### [Task brief]
Give back every line of the material below exactly, but no images.

### [Collected data]
****************************************

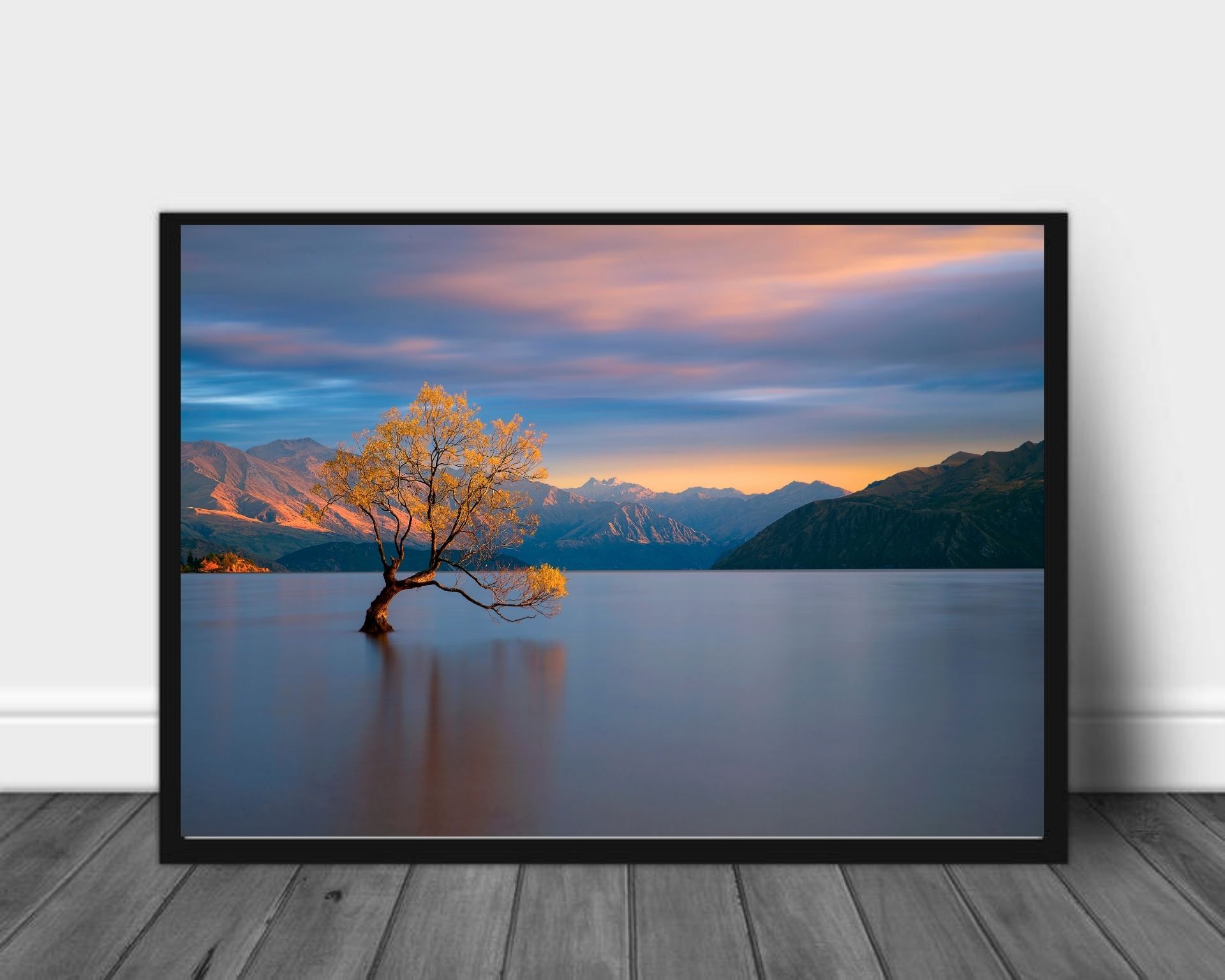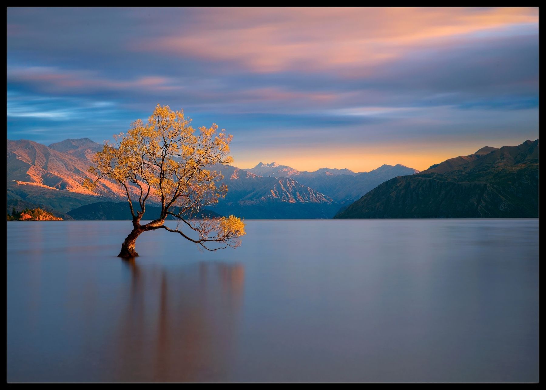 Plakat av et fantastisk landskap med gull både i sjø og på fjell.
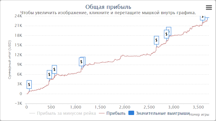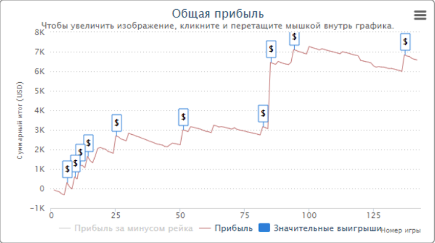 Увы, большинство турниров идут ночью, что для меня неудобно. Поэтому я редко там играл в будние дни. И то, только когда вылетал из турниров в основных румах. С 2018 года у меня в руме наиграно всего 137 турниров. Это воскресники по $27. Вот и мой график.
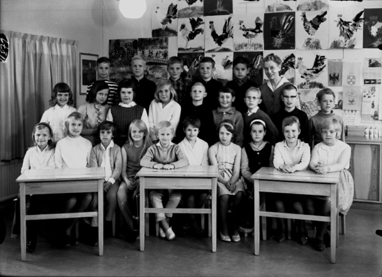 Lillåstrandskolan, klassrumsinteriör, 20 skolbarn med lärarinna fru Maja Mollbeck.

****************************************

### [Completed task]
 Plakat av et fantastisk landskap med gull både i sjø og på fjell.
 Увы, большинство турниров идут ночью, что для меня неудобно. Поэтому я редко там играл в будние дни. И то, только когда вылетал из турниров в основных румах. С 2018 года у меня в руме наиграно всего 137 турниров. Это воскресники по $27. Вот и мой график.
 Lillåstrandskolan, klassrumsinteriör, 20 skolbarn med lärarinna fru Maja Mollbeck.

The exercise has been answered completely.